Poor translation of C P Snow ‘The Masters’

C P Snow The Masters

It’s disappointing that bad Chinese translations of English literature continue to be published. It’s more disappointing that the translators are lauded.

‘The Masters’ by C P Snow is a much loved classic. The Chinese translation by Zhang Jian (张健), Dai Xiezhu (戴歇珠) and Zhang Limin (张立民) is akward and wrong. The translation was published by the People’s Literature Publishing House ( 人民文学出版社 ) in 2007. ISBN:9787020060771

There are some painful errors which are the result of not knowing English well enough. Other awkwardness is due to a lack of literary Chinese. Long flowing English sentences have been chopped up into small Chinese sentences – meaning is preserved, but not the beauty.

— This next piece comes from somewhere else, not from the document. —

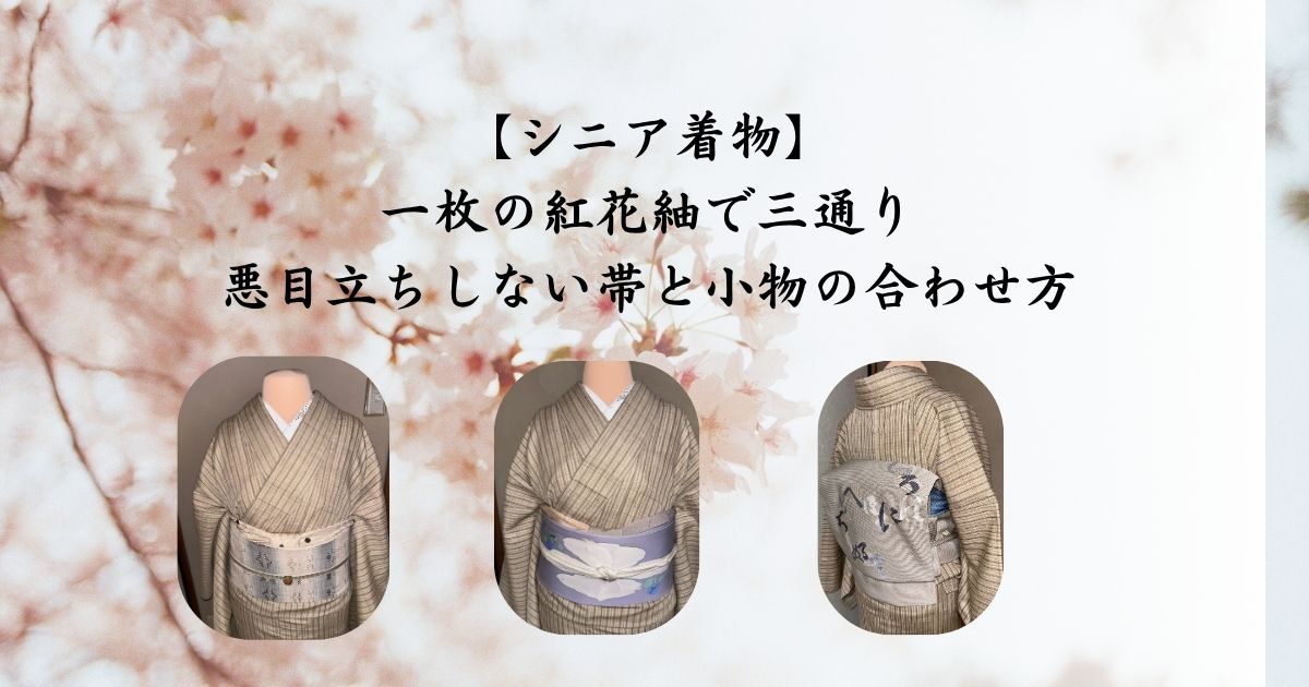 今回は、一枚の紅花紬に帯を三本替えて、それぞれのお出かけシーンや使った小物をご紹介します。
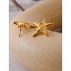 Add a touch of elegance to your look with these stunning stud earrings for women . Made from high-quality stainless steel and gold plating, these earrings are perfect for any occasion. The star-shaped design adds a unique touch, while the screw back closure ensures they stay securely in place. These earrings are versatile and can be worn with any outfit, whether it's a formal event or a casual day out. They are also handmade, making each pair one-of-a-kind. With their adjustable length and reversible design, these earrings are perfect for anyone who loves to accessorize. Get these beautiful stud earrings today and add a touch of glamour to your style. Material: Stainless steel + 18K gold plated Weight: 7g Size: 26x26mm Water, Sweat, Heat Resistant (No Discolouring or Tarnishing) - Please check this matching necklace: https://www.ebay.com.au/itm/204827604274 * If you wish to order these earrings multiple times please send me a request via private message * Visit and follow our eBay store for a wide jewelry collection: https://www.ebay.com.au/usr/adinajewelryboutique

The translators interpolate their own detail when they think the reader might require it. It’s done too often; readers aren’t stupid. Interpolating translators’ guesses about the author’s meaning, particularly when those guesses are wrong, is a serious problem. Other errors are simply sloppy. An example from Chapter 1 is illustrative. Jago is speaking to Eliot:

“Somehow one’s dreadfully vulnerable through those one loves.”  Suddenly he smiled at me with great kindness. “You know that as well as anyone alive, Eliot. l felt it when you let me meet your wife. When she’s better, you must ask me to Chelsea again.You know how much I enjoyed it. She’s gone through too much, hasn’t she?”

The translation is: ”不知怎的, 一个人因为他爱的人而容易脆弱极了。“ 他忽然非常友好地对我笑了。“你我一样都是有血有肉的人任何人都知道这是怎么会事,埃利奥特,当你把我介绍给你的夫人时,我就有了这种感觉。在她身体好些的时候,你可要再请我到车尔西去啊。你知道我是多么高兴到你家做客呀!她招待我们吃得太丰富了,不是吗?“

My back-translation from the Chinese translation of “She’s gone through too much, hasn’t she?” is: “She entertained us with such sumptuous food, didn’t she?” “She’s gone through too much” is not the same as “She’s gone to so much (trouble)”. The phrase “She’s gone through too much” means that she has suffered much more than she should have in her life and/or sickness. It certainly doesn’t mean anything about presenting food to guests. It’s an understandable error, but not the work of a translator Snow deserved. Oops.

When you “let” me meet your wife, is also a stronger statement than when you “introduced” me to your wife, which the translation doesn’t capture. It fails also to capture the past tense “enjoyed”.